Он перешел Крымский мост, поместив себя в стальную синусоиду, которая воспроизводила кардиограмму его нервного, беспокойного сердца. Ленинский проспект был наполнен зеленым туманом, из которого подымались розовые, золотые, нежно-синие купы Нескучного сада, будто его нарисовали акварелью на влажном листе бумаги. Красота города не увлекала его. Сердце болезненно колотилось, в крови разбегались яды, от которых звенело в ушах и горели щеки. Его ум обострился, органы чувств жадно поглощали впечатления. Душа напряглась, словно ожидала знамения. Казалось, что разум, проникая в суть вещей, выстраивая иерархии и пирамиды явлений, силится совершить открытие. Находится на пороге новой реальности, которая отделена от мозга тонкой сеткой кровяных сосудов. Готова хлынуть, минуя органы чувств, ослепляя мозг кровоизлиянием истины. Он был не готов к открытию. Для освоения истины не хватало душевных и физических сил. Страшился, что она испепелит его, вырвет за пределы разумного, ввергнет в необратимое безумие.

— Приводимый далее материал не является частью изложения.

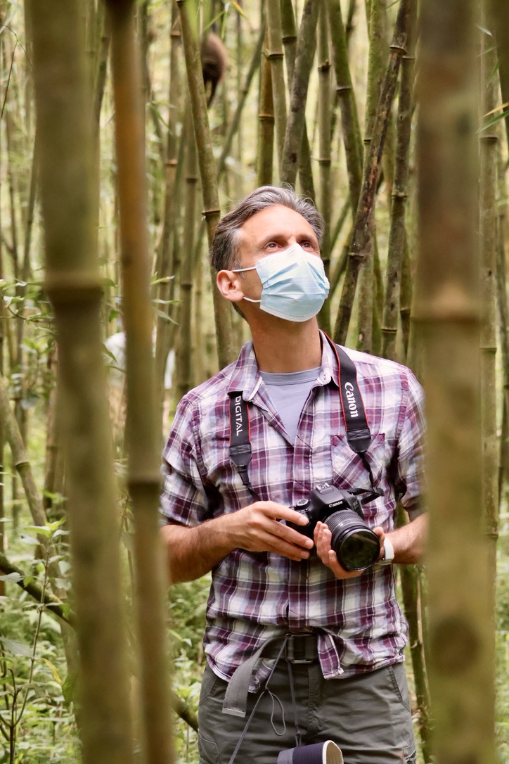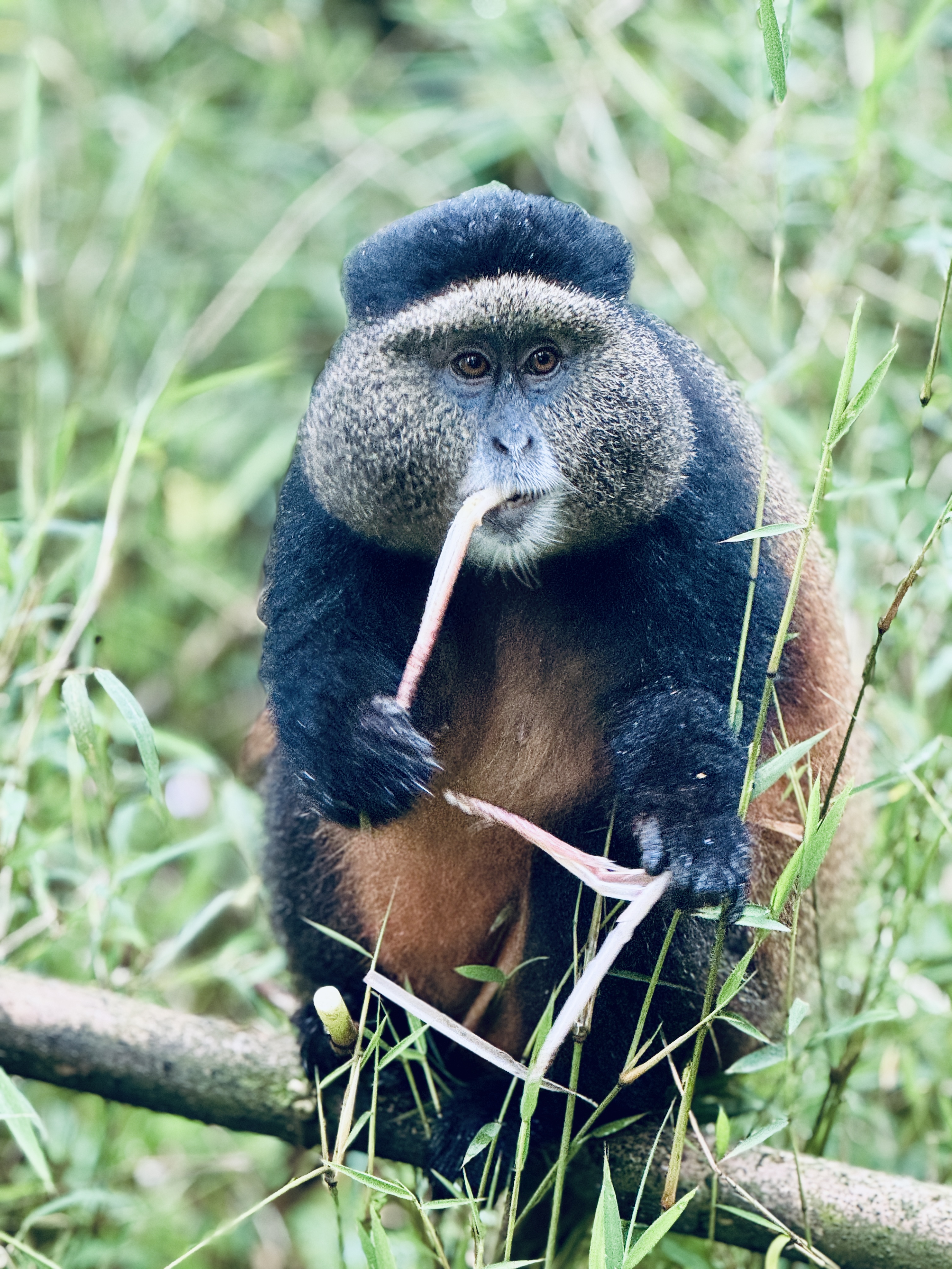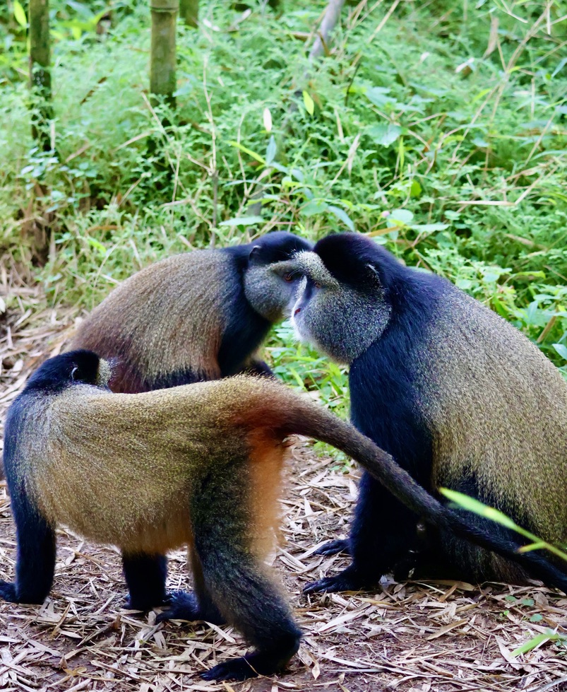 We crossed a rickety bridge into the National Park and within minutes were surrounded by dozens of golden monkeys, going about their day munching on bamboo shoots, unperturbed by the swarm of aging western tourists (present company excluded of course) with expensive cameras invading their habitat. They were clearly used to the sound of tourists tramping and shutters clicking, and they basically ignore us as well ogled and scrambled for the perfect shot.

Он торопился, почти бежал по проспекту. Здание Академии наук высилось в стороне, каменное, огромное, ободранное, с латунным колючим венцом, – мученический образ отечественной науки, поднятой на Голгофу. Градская больница, янтарно-белая и прекрасная, чудно светилась сквозь чугун решетки, и со ступенек белокаменной церкви сносили покойника. Весенний город в каждом своем фасаде, в зацветающей клумбе, в нежно-зеленом дереве таил беспокойство, опасную возможность, подстерегал неожиданностью.

Близость откровения, пугающий свет прозрения исходили отовсюду – из далекого, фиолетового тумана проспекта, в котором светилась металлическая пыльца еще невидимого, стального памятника Гагарину. Из прозрачного, чуть замутненного неба, между распустившейся липой и рекламным щитом, на котором нежилась полуобнаженная женщина, вытянув голые ноги на итальянской тахте. Из прогалов улиц, где трепетала жизнь, мелькали автомобили, давали о себе знать невидимый Донской монастырь и стальная Шуховская мачта – металлический прозрачный сачок, запущенный в московское небо. Стрижайло ждал, что разверзнутся небеса, полыхнет беззвучная вспышка и в бесцветном пятне атомного взрыва будет явлена невыносимая для разума истина.

Это походило на помешательство. Пережитые с утра впечатления, множество встреч, произнесенных и услышанных слов разбудили в нем больные энергии. Будто каждая встреча заряжала электричеством. Каждое касание, рукопожатие, голос передавали заряды, от которых сухо потрескивали руки, прозрачно светились пальцы, и к ним, словно они были сделаны из янтаря, приставали пылинки, бумажки уличного сора, рассеянные в воздухе частицы.

В нем накалялся неведомый реактор, плавились защитные оболочки, сулили взрыв. Требовалось немедленно погасить реактор, удалить избыточные, не находящие применения энергии, остудить накаленный разум, не готовый для откровения.

Он искал газетный киоск. Один, к которому подбежал, оказался закрытым, – сквозь стекло недоступно переливались глянцевые журналы с мускулистыми самцами и пленительными, полураздетыми самками, нарядный и привлекательный мусор бульварного чтива. В другом киоске, как в стеклянной норке, сидела продавщица, показывая из сумерек острую влажную мордочку.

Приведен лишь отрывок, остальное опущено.